TASK INSTRUCTIONS.
Everything in the listing must be repeated exactly, apart from the images.
*** Opening DATA SHOWN ***
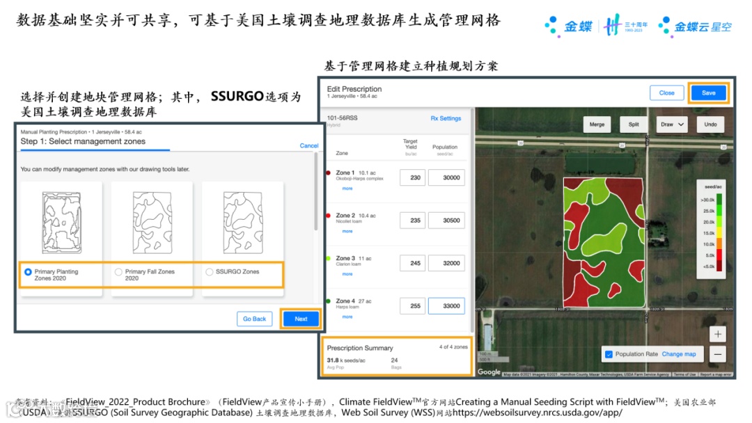 ▶ 数据基础:以FieldViewTM为例,可以直接基于美国土壤调查地理数据库SSURGO (Soil Survey Geographic Database)直接建立农田的管理网格(管理作业区)
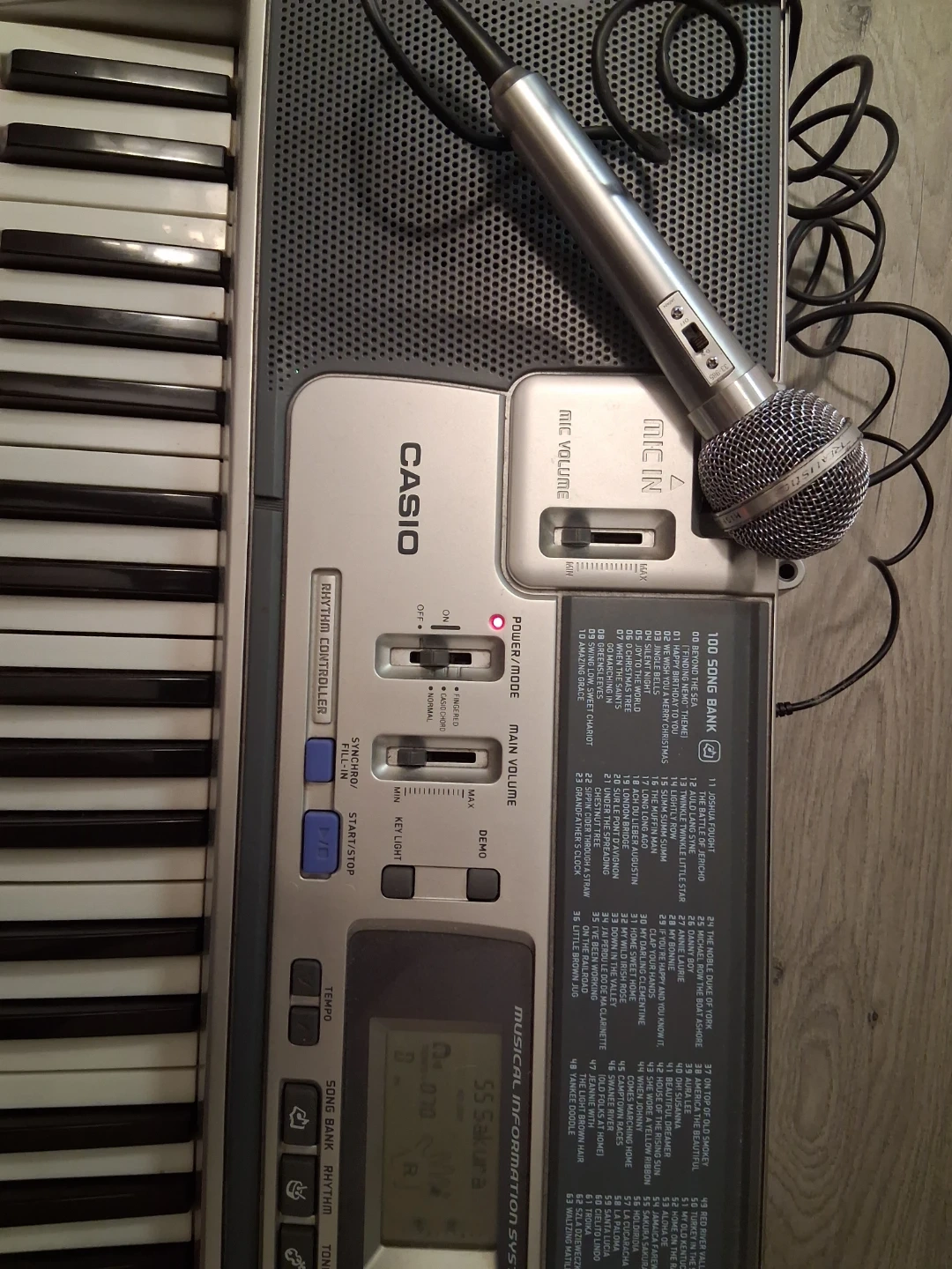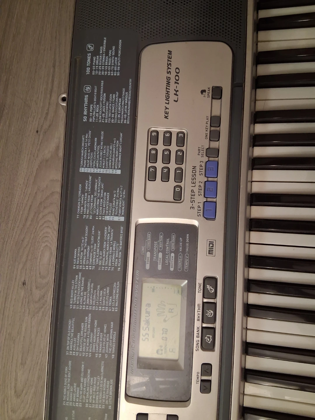 Casio LK-100 keyboard with a 3-step lesson system and key lighting. It comes with a microphone for vocal input. This model features 100 tones and 100 rhythms for musical exploration.
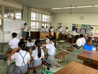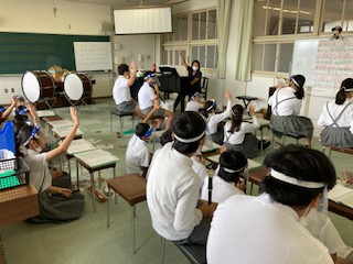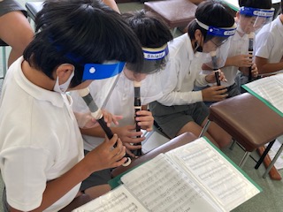 6年生の子どもたちがリコーダーで[メヌエット]という曲を吹いていました。なかなかきれいな音を出すことが難しいということなのですが、とても上手に吹いているように聞こえました。合奏は[ラバースコンチェルト]です。指揮者の指揮棒をよく見ながらタイミングよく演奏が始まります。指揮者の子は進んで立候補したようです。
*** Closing DATA SHOWN ***
WRITTEN SOLUTION.
 ▶ 数据基础:以FieldViewTM为例,可以直接基于美国土壤调查地理数据库SSURGO (Soil Survey Geographic Database)直接建立农田的管理网格(管理作业区)
 Casio LK-100 keyboard with a 3-step lesson system and key lighting. It comes with a microphone for vocal input. This model features 100 tones and 100 rhythms for musical exploration.
 6年生の子どもたちがリコーダーで[メヌエット]という曲を吹いていました。なかなかきれいな音を出すことが難しいということなのですが、とても上手に吹いているように聞こえました。合奏は[ラバースコンチェルト]です。指揮者の指揮棒をよく見ながらタイミングよく演奏が始まります。指揮者の子は進んで立候補したようです。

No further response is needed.